Mobile sector to generate $1tr revenues by 2015

OvumOvum’s latest mobile forecasts predict that connections will grow far faster than revenues during the next five years. Additionally, the effects of emerging market growth and intense competition worldwide will force a marked change in the behavior of mobile operators looking to thrive in 2015. This will result in operators becoming increasingly cost-focused.
 
Connections: emerging markets continue to drive growth, but emerging maturity is becoming more apparent
Global mobile connections are expected to reach 7.4 billion in 2015 according to our latest mobile forecasts, discussed in our report “Global mobile market outlook: 2010–15”. This reflects a CAGR of 8% from 2009 to 2015.
 
The drivers for continued connections growth are the “big three” Asia-Pacific markets of China, India, and Indonesia. Combined, they will contribute 2.8 billion connections by 2015, or 38% of the global total.
 
However, even these markets are not immune from the growing trend of “emerging maturity”. Connection growth rates will decline rapidly towards the end of the forecast period, even in previously fast-growing emerging markets.
 
Developed markets will see even more conservative connections growth. In such markets, only multiple data connections will stimulate connections growth.
 
Revenues: global economic crisis and maturity makes an impact
There is no denying that the global economic crisis has impacted revenues.
 
Every region has shown a marked slowdown in revenue growth between 2008 and 2009. The result is that we now expect global revenues to reach $1,000 billion in 2015, compared to 2014 in our previous forecasts.
 
 
This downwards revision to our revenue forecasts is exacerbated by our 9% increase in connections for 2014 compared to previously.

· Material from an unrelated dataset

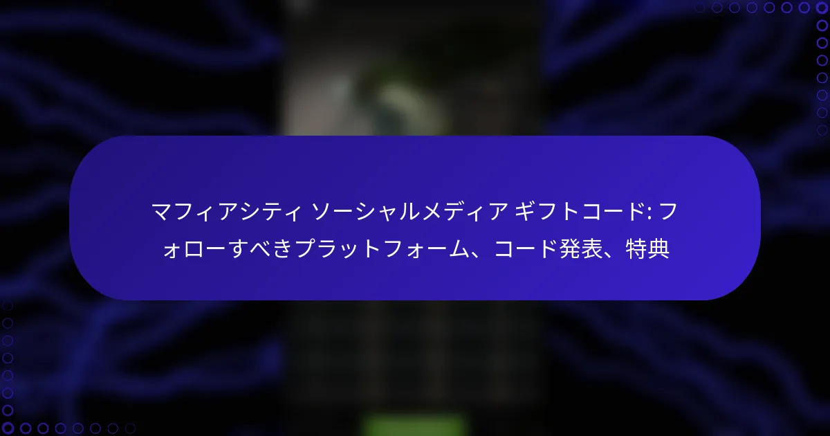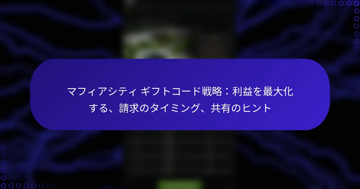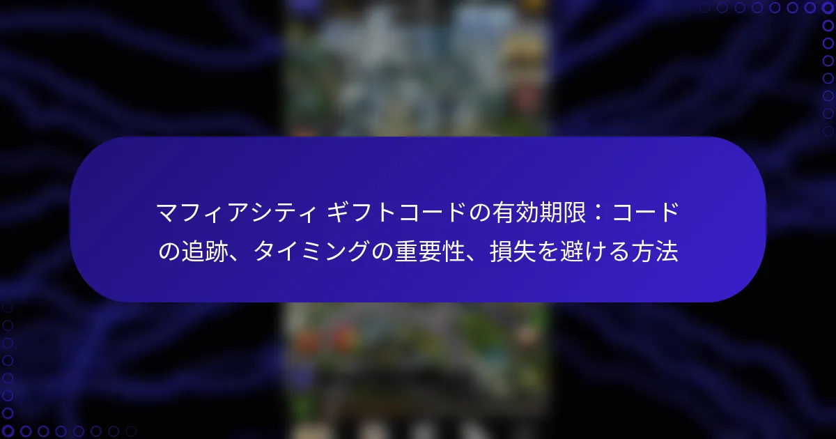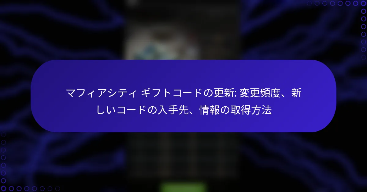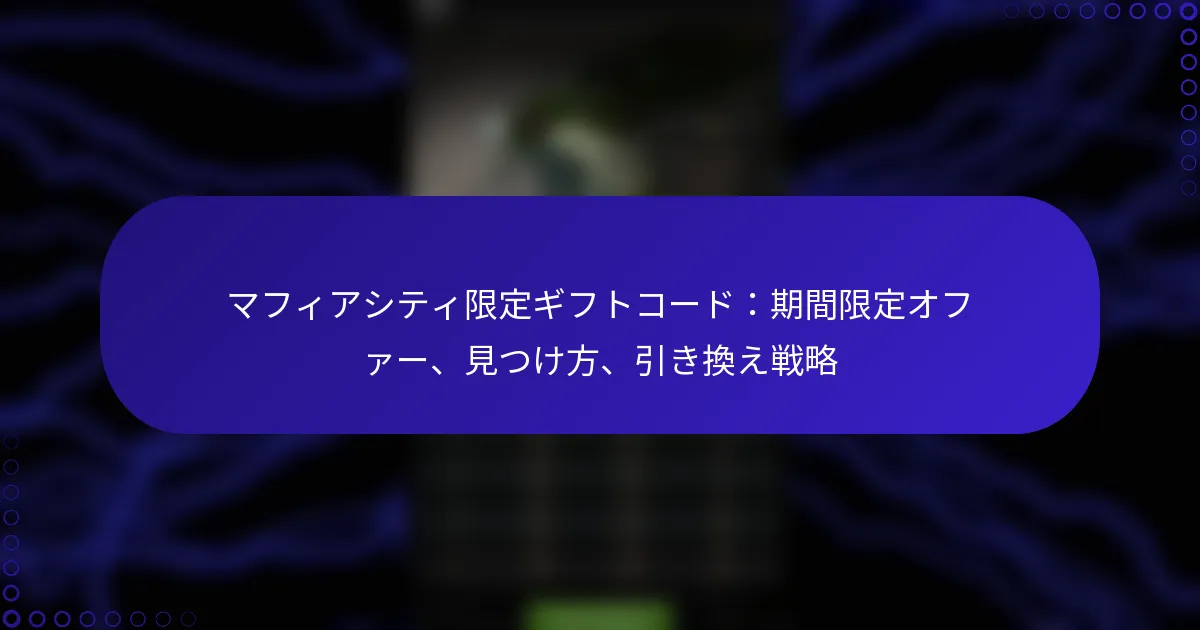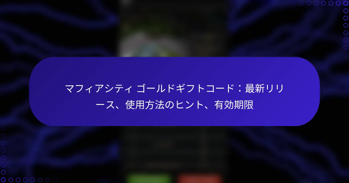 最新のマフィアシティのゴールドギフトコードは、プレイヤーに貴重なゲーム内通貨を提供することで、ゲーム体験を向上させるチャンスを提供します。これらのコードは、ゲーム内の特定の手順を通じて引き換えることができ、プレイヤーはキャラクターをアップグレードしたり、必需品を購入したりすることができます。ただし、これらのコードには有効期限があることが多いため、リソースを最大限に活用するために、迅速に引き換えることが重要です。 最新のマフィアシティのゴールドギフトコードとは? 最新のマフィアシティのゴールドギフトコードは、プレイヤーに貴重なゲーム内通貨を提供し、ゲーム体験を向上させます。これらのコードは定期的にリリースされ、キャラクターのアップグレードやアイテムの購入に必要なゴールドと引き換えることができます。 マフィアシティの現在の有効なギフトコード 現在、マフィアシティで有効なギフトコードは以下の通りです: GOLD2023 – 500ゴールドと引き換え MAFIAFAN – 300ゴールドと引き換え NEWYEAR2023 – 1000ゴールドと引き換え これらのコードは期限切れになる前にゲーム内で入力して、報酬を最大限に活用してください。有効期限は数日から数週間までさまざまですので、注意してください。 ギフトコードの最近のリリースと更新 最近、開発者はプレイヤーコミュニティを活性化するために新しいギフトコードを積極的にリリースしています。コードは、祝日やゲームの記念日などの特別なイベントやプロモーションに関連付けられることがよくあります。 例えば、最近の新年プロモーションでは、NEWYEAR2023コードが導入され、大量のゴールドを提供しています。プレイヤーは、これらの機会を逃さないように定期的に更新をチェックするべきです。 新しいギフトコードを定期的に見つける方法 マフィアシティの新しいギフトコードを継続的に見つけるために、プレイヤーはいくつかの戦略を採用できます。一つの効果的な方法は、公式ゲームウェブサイトやコードが発表されることが多いソーシャルメディアチャンネルを定期的にチェックすることです。 さらに、ゲームフォーラムやニュースレターに登録することで、新しいリリースに関するタイムリーな更新を受け取ることができます。コミュニティに参加することで、広く宣伝されていないコードに関する洞察を得ることもできます。 コードを共有するためのコミュニティソース マフィアシティのコミュニティは、ギフトコードを共有するための素晴らしいリソースです。プレイヤーは、Reddit、Discord、Facebookグループなどのプラットフォームでアクティブなコードを投稿することがよくあります。 これらのコミュニティに参加することで、プレイヤーはコードやヒントを交換し、最新のオファーから全員が利益を得られるようになります。信頼できないソースには注意してください。中には期限切れや無効なコードを共有するものもあります。 公式発表とイベント ギフトコードに関する公式発表は、通常、ゲームのソーシャルメディアページやゲーム内通知を通じて行われます。プレイヤーは、新しいコードやイベントに関する最新情報を得るために通知を有効にしておくべきです。 季節の祝いやゲームのアップデートなどのイベントは、独占的なコードを伴うことがよくあります。これらのイベントに参加することで、新しいコードの機会が得られるだけでなく、全体的なゲーム体験も向上します。 マフィアシティのゴールドギフトコードはどのように使用できますか? マフィアシティのゴールドギフトコードを使用することで、ゲーム内通貨を受け取り、ゲームプレイ体験を向上させることができます。これらのコードは、ゲーム内の特定の手順を通じて引き換えることができ、プレイヤーはリソースを効果的に最大化できます。 ギフトコードを引き換えるためのステップバイステップガイド マフィアシティでギフトコードを引き換えるには、以下の手順に従ってください: デバイスでマフィアシティのゲームを起動します。 通常はメインインターフェースにある設定メニューに移動します。 「ギフトコード」または「コードを引き換える」オプションを探します。 コードが表示されている通りに正確に入力し、タイプミスがないことを確認します。 入力を確認し、コードが引き換えられたことを示す成功メッセージをチェックします。 ゲーム内でギフトコードを入力する場所 ギフトコードは、マフィアシティのゲームの設定セクションに入力できます。このエリアは通常、メインメニューからアクセス可能で、コード入力のための簡単なインターフェースを提供します。「ギフトコード」オプションを見つけたら、指定されたフィールドにコードを直接入力できます。 ギフトコードを使用するための一般的な前提条件 ギフトコードを引き換える前に、ゲームアカウントが正常であり、アクティブなアカ

The result is aggressive ARPU erosion during the next five years. Globally, overall ARPU is forecast to be just $138 per annum in 2015. This partly reflects the growing influence of emerging markets on the global market. As urban markets become saturated and competition intensifies, operators are being forced to move into poorer rural areas, increasing costs and lowering ARPU. In developed markets competition will continue to drive down ARPU.
 
Services: data growth continues, but voice to remain mobile’s key service
Total global data revenues are expected to reach $392.9 billion in 2015, a CAGR of 11% from 2009 to 2015. North America and Western Europe will drive data revenue growth. Nonetheless, Asia-Pacific will be the largest contributor of data revenues, due to its sheer volume of connections and the presence of significant data markets.
 
Yet voice will remain the single greatest contributor to mobile operator revenues, with only North America seeing voice contribute less than 50% of total revenues in 2015. This is despite continued immense pressure on voice. Total global voice revenues will fall at a CAGR of -1.4% to $607.9 billion in 2015.
 
Strategy: saturation and competition creates the world of SMART and LEAN
The growing maturity and competition of the mobile sector reflected in our latest forecasts will move the industry towards our 2020 vision of SMART (services, management, applications, relationships, and technology) and LEAN (low-cost enablers of agnostic networks) players. Mobile operators are likely to chase the SMART role during the next five years, although we believe that very few will succeed. Most operators will need to evolve to become LEAN players in the longer term.
 
The first signs of this evolution will become apparent during the coming five years. Cost and traffic volume pressures will combine to make networks the focus of attention. Macro and backhaul network upgrades, along with the use of Wi-Fi and femtocells to offload traffic, will become commonplace. At the same time, network sharing and outsourcing will be used to reduce costs.
 
All of the above points are signs of a rapidly maturing market. The days of high growth are ending and operators will need to adapt, and by doing so fulfill a network-centric role.